TURİZMİN SESİ
Çelik, yaklaşık 20 yıldır kaya kovuklarında zor şartlarda ancak kendi deyimiyle "kimseye muhtaç olmadan" yaşamını sürdürüyor.
Kazancı beldesi Asar Gediği mevkisinde ancak bir kişinin barınabileceği büyüklükteki kaya kovuklarında yaşamını sürdüren Çelik, ağıl olarak kullandığı inlerden birinde de geçimini sağladığı 5 büyükbaş hayvanını barındırıyor.
Kaldığı yerden, doğduğu Kazancı beldesini kuşbakışı görebilen Çelik, su ihtiyacını kayalıklardan gelen kaynak sularından sağlıyor. Çelik, ayda bir iki kez yiyecek almak için yaşadığı dağdan yaklaşık 10 kilometre uzaktaki beldeye iniyor. İnsanların eşeklerle belli bir noktaya kadar çıkabildiği Asar Gediği mevkisine yaya olarak kilometrelerce yolu katederek ulaşan Çelik'in, yemek menüsü ise ekmek, domates, patates ve üzümden oluşuyor. Geceleri sadece tek battaniye ve yaktığı ateşle ısınan Çelik'in hayatından endişe duyan belde halkı ise yaşlı adamın yaşayıp yaşamadığını uzaktan, yaktığı ateşi kontrol ederek anlayabiliyor.
Çelik, aşırı kar yağdığında kaldığı evinin tavanı nın 3 yıl önce bakımsızlıktan çökmesi üzerine, dağlarda daha çok kalmaya başladı.
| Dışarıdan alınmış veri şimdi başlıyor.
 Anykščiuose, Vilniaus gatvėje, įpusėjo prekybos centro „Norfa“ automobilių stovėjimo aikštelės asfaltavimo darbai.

Hasan Çelik (64), ağabeyi okumadığı için ailesinin kendisini de okula göndermediğini, okuma yazma bilmediğinden dolayı da "oldukça cahil" kaldığını söyledi. Çocukluğunun hep dağlarda geçtiğini, bu nedenle dağ yaşamının zorluğunu çok iyi bildiğini dile getiren Çelik, "babam ölünce beni oraya bağlayan bir şey kalmadı. Birkaç büyükbaş hayvanı da alıp beldeden ayrıldım, mağara denemeyecek büyüklükteki kaya kovuklarında yaşamaya başladım.
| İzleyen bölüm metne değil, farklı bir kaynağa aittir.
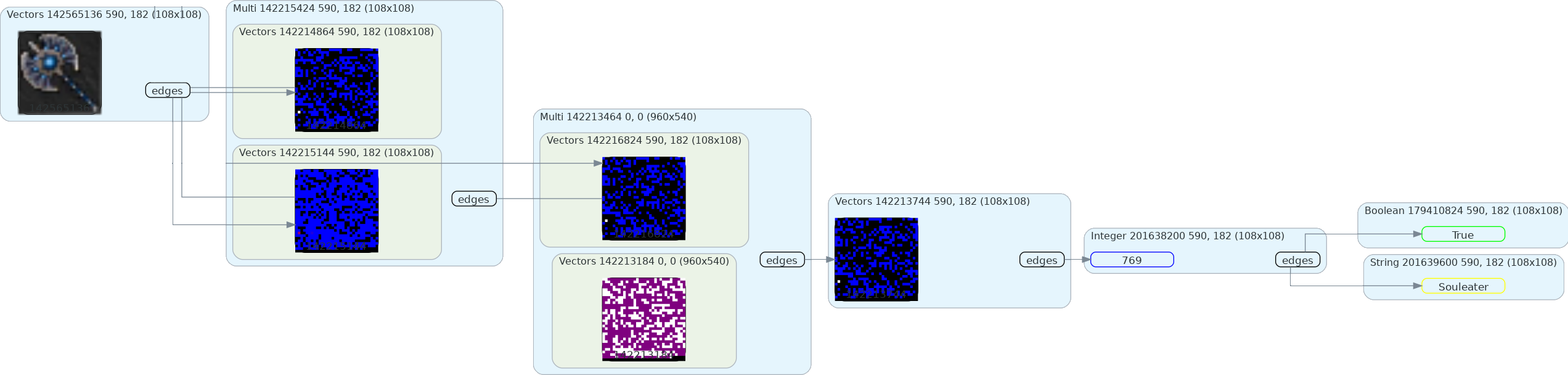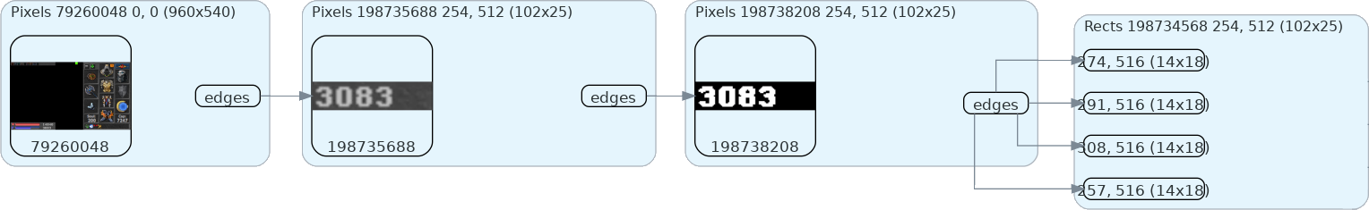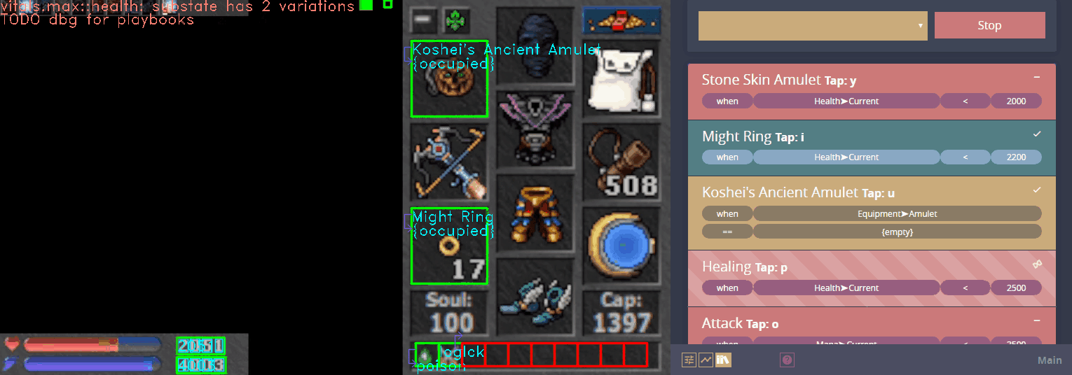 In future posts, I'll talk about all of the parts of the system. But, for now, I hope you enjoyed this look at my vision engine. As a parting gift, here is a clip of the bot in action. It is using an overlay to render information about the perception tree for each frame while following some user-defined rules at 20 frames per second.

Hiç evlenmedim ve benimle yaşayacak kimse kalmamıştı. Kardeşlerim var ancak onlara yük olmak istemiyorum. Köydeki evimin çatısı da bakımsızlıktan yıkılınca artık beni köye bağlayan hiç bir şey kalmadı" dedi. Çelik, hiçbir sağlık probleminin olmadığını belirterek, "Önceleri aşırı kar yağdığında beldedeki evime ya da birilerinin yanına sığınıyordum. Ancak evimin tavanında çökme olunca artık tamamen bu kaya kovukları benim evim oldu. Ara sıra yaban domuzlarının indiği burada yaşamaya alıştım. Onlardan da korkmuyorum. Önemli olan dağda yaşamak değil, kimseye muhtaç olmadan yaşamımı sürdürmek" diye konuştu.
Çelik'i uzun zamandır tanıyan Uluköy Mahallesi Muhtarı Ethem Atay ise dağlarda yaşayan Hasan Çelik'in durumundan endişe duyduklarını söyledi. Atay, "Hasan Dede'nin yaşayıp yaşamadığını yaktığı ateşten anlıyoruz. Neredeyse her gün onun ateş yakmasını bekliyorum. Ateş yaktığında her şeyin yolunda olduğuna inanıyoruz. Yazın ise dağlarda hayvan otlatmaya giden vatandaşlardan haber alıyoruz. Gerçekten oldukça gururlu bir insan. Evi yıkılmadan önceleri kar yağıp hava sertleştiğinde iki ay evinde iniyordu. Şimdi inecek bir evi de yok. Aslında onun istediği kimseye muhtaç olmamak" diye konuştu.